Wow, 1400-1500 lbs sounds like the maxed out weight for a 16' jon, does that include people? My Lowe is rated at 1100lbs gear/people and it weighs 425 to start with. Anyway, I've had several boats where I had to move the axle or move the bunks back to get the tongue weight manageable. It sounds like you need to get more weight off the tongue still. Can you even lift it up by hand to get it onto the hitch ball? My Jersey Speed Skiff was a 16' fiberglass boat with a 350 Chevy engine mounted in the middle and I had to move the boat/bunks back a bit to lighten the tongue. I would have had to redrill holes in the I-beam frame to move the axle and there were already several sets of holes which did not work for what I needed. I think the main thing is to make sure the boat/trailer is set up safely for towing an keep your boat supported. That speed skiff trailer had 4x6 bunks mounted vertically so the boat was supported very well. With all your weight, you might want to think about bigger bunks that can be moved back, but you would need to find a way to move your winch mount back as well. Do you have any pictures of the setup?


----------



## lckstckn2smknbrls (Apr 9, 2018)

WV1951 said:


> My trailer frame sets into channels supported by the axle, and is secured together with the fender mounting bolts.


My trailer is the same. 
Lower the tongue all the way down put jack stands or blocking under the rear of the trailer, raise the tongue your tires should be off the ground. Pull the fender mounting bolts and move the axle.


----------



## eshaw (Apr 9, 2018)

JL8Jeff said:


> Wow, 1400-1500 lbs sounds like the maxed out weight for a 16' jon, does that include people? My Lowe is rated at 1100lbs gear/people and it weighs 425 to start with. Anyway, I've had several boats where I had to move the axle or move the bunks back to get the tongue weight manageable. It sounds like you need to get more weight off the tongue still. Can you even lift it up by hand to get it onto the hitch ball? My Jersey Speed Skiff was a 16' fiberglass boat with a 350 Chevy engine mounted in the middle and I had to move the boat/bunks back a bit to lighten the tongue. I would have had to redrill holes in the I-beam frame to move the axle and there were already several sets of holes which did not work for what I needed. I think the main thing is to make sure the boat/trailer is set up safely for towing an keep your boat supported. That speed skiff trailer had 4x6 bunks mounted vertically so the boat was supported very well. With all your weight, you might want to think about bigger bunks that can be moved back, but you would need to find a way to move your winch mount back as well.

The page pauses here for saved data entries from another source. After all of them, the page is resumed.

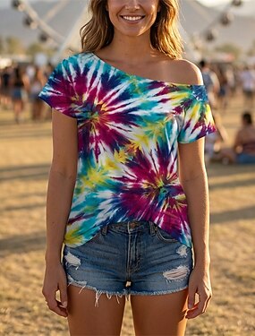 Retro vintage Jaren '80 T-Shirt Eén-schouder Korte mouwen Hippie Schijf Tie dye opdruk Kostuum Dames Halloween Carnaval muziekfestival Retro themafeest Volwassenen T-shirt
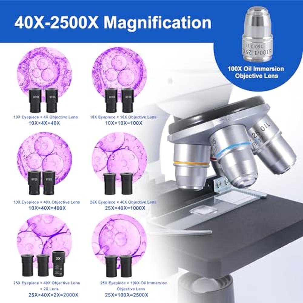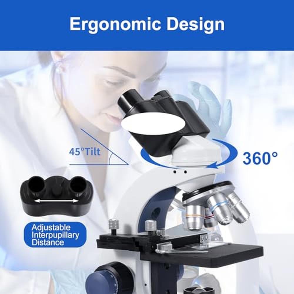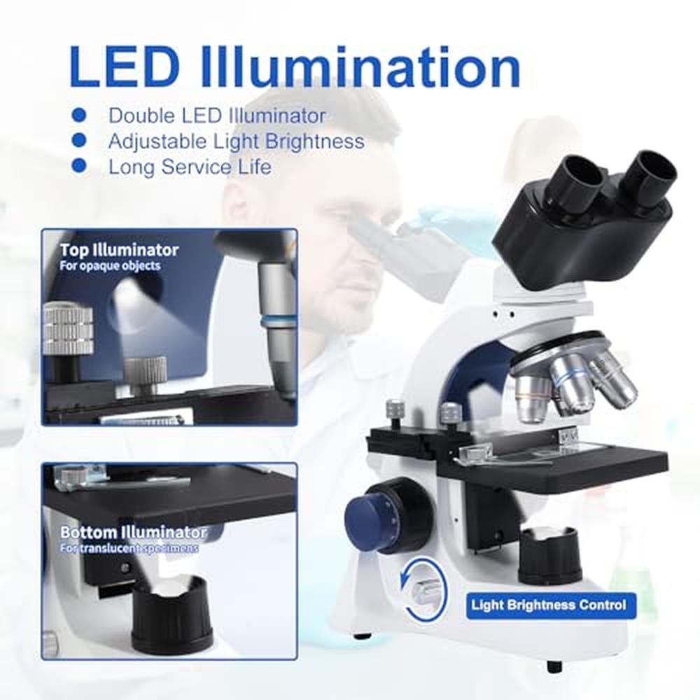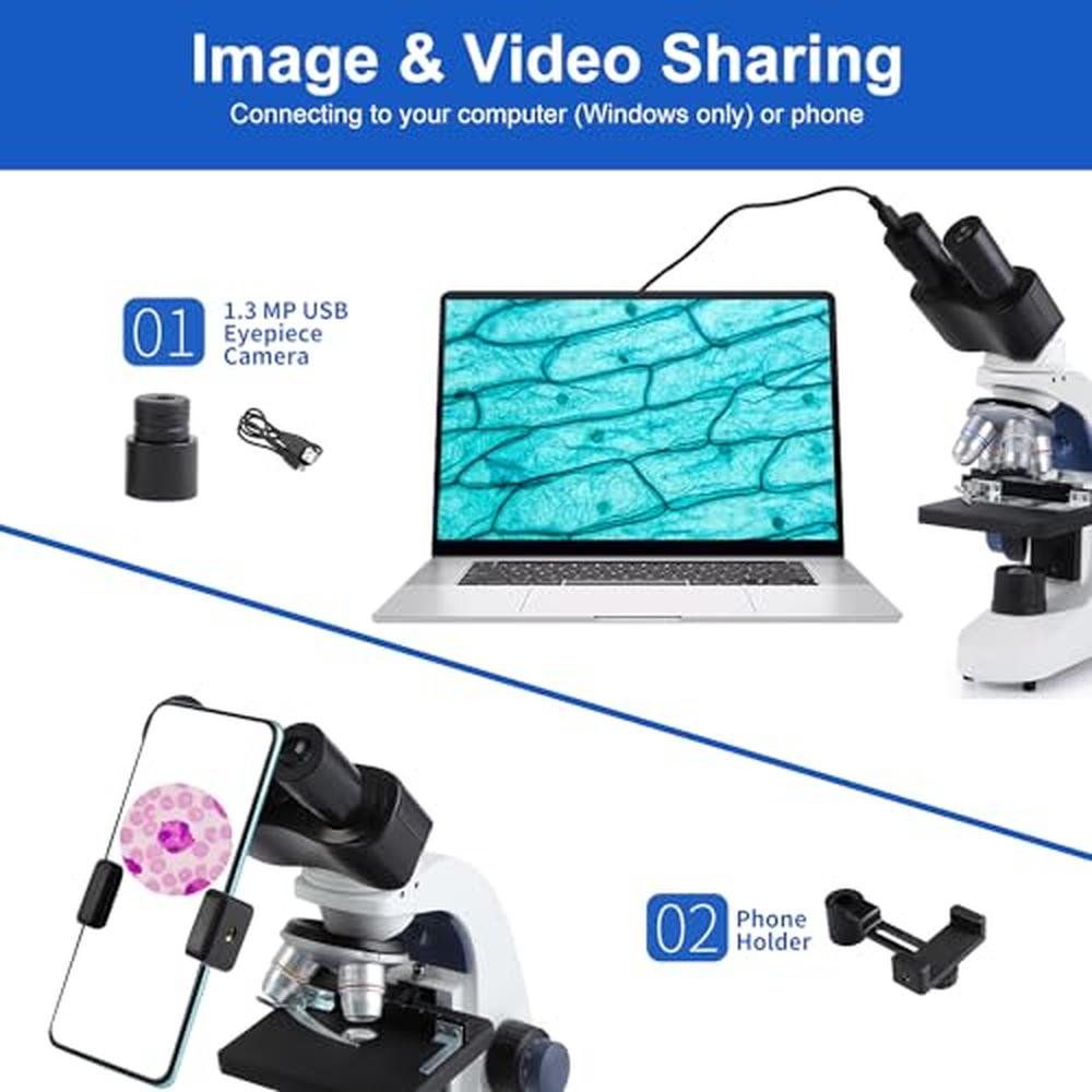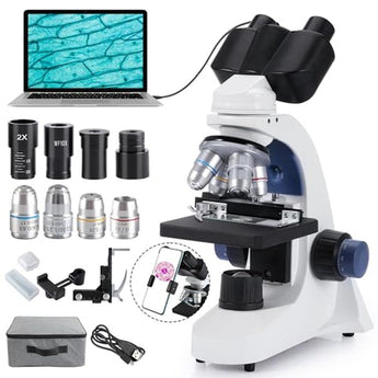 Binocular Microscope | Creahub Compound 40x-2500x | Premium Lab Microscope with 1.3MP USB Eyepiece Camera
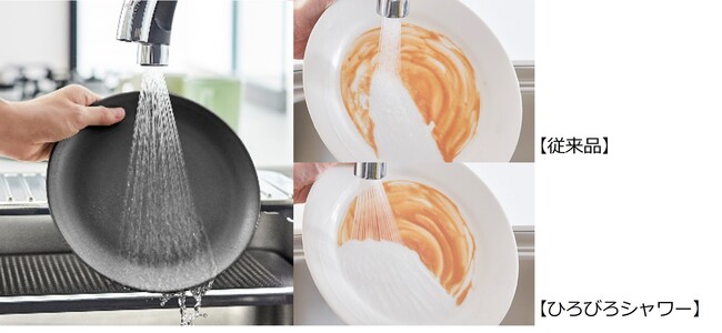 発明奨励賞を受賞した「ひろびろシャワー」に使われている特許技術は、キッチン用水栓のシャワー散水孔の孔角度と出口部分の形状を工夫することで狙い通りの方向にシャワー吐水させることを見出した技術です。「ひろびろシャワー」はこの特許技術を使い、小型化した吐水ヘッドであっても、水流を扇のように1方向だけに広げ、下方にいくほどひろびろとシャワーの水を使用いただけます。これにより、コンパクトなデザイン性と使い勝手を兼ね備え、節水にも貢献するキッチン用水栓を実現しました。一度に広い面積を洗い流せるため洗う時間を短縮できるほか、水が通り抜けてすすぎ洗いが面倒だったザルなどの道具も、ワイドで洗浄力のあるシャワーでサッときれいに洗い流せます。
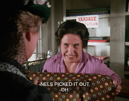Mrs. Oleson laughs in agreement, saying Nels picked it out and should be shot for it. (Paraphrase.)

Do you have any pictures of the setup?


Nope, doesn't include me or a friend. I have a tongue jack for raising it onto the hitch ball. Are you kidding? If I tried to dead lift 300 lbs. I'd have things popping out of places that they shouldn't! I know it can be towed safely. My hitch is rated for 6K on the truck and the tongue weight for the receiver is 600. The coupler rating on the trailer is 3500 lbs. so I know I'm good there. If worse came to worse I could move the winch mount, I'd just prefer not to if I can.


----------



## eshaw (Apr 9, 2018)

pic of transom on trailer


----------



## eshaw (Apr 9, 2018)

Picture of carriage


----------



## eshaw (Apr 9, 2018)

You can see that the axle carriage is attached to the frame rails with 1/2 inch square bolts, U-bolts, whatever they're called. The frame rails also have had extra frame members added for more strength side to side. The way it's setup now I can step out of the boat and onto the ground from standing in the boat. I like it low so I can float it off in shallow areas.


----------



## WV1951 (Apr 9, 2018)

lckstckn2smknbrls said:


> WV1951 said:
> 
> 
> > My trailer frame sets into channels supported by the axle, and is secured together with the fender mounting bolts.
> ...



I have already adjusted my axle forward. I had 6" of adjustment left, and I moved he winch back 6". Once I get the boat back on the trailer, I will weigh tongue weight.


----------



## WV1951 (Apr 9, 2018)

eshaw said:


> The combined weight of the package is 2130 lbs.. I'm relatively sure the bumper hitch is rated for at least 500 lbs.. The axle is an adjustable model but it's not easily done so I'd like to avoid doing it if possible.






eshaw said:


> Nope, doesn't include me or a friend. I have a tongue jack for raising it onto the hitch ball. Are you kidding? If I tried to dead lift 300 lbs. I'd have things popping out of places that they shouldn't! I know it can be towed safely. My hitch is rated for 6K on the truck and the tongue weight for the receiver is 600. The coupler rating on the trailer is 3500 lbs. so I know I'm good there. If worse came to worse I could move the winch mount, I'd just prefer not to if I can.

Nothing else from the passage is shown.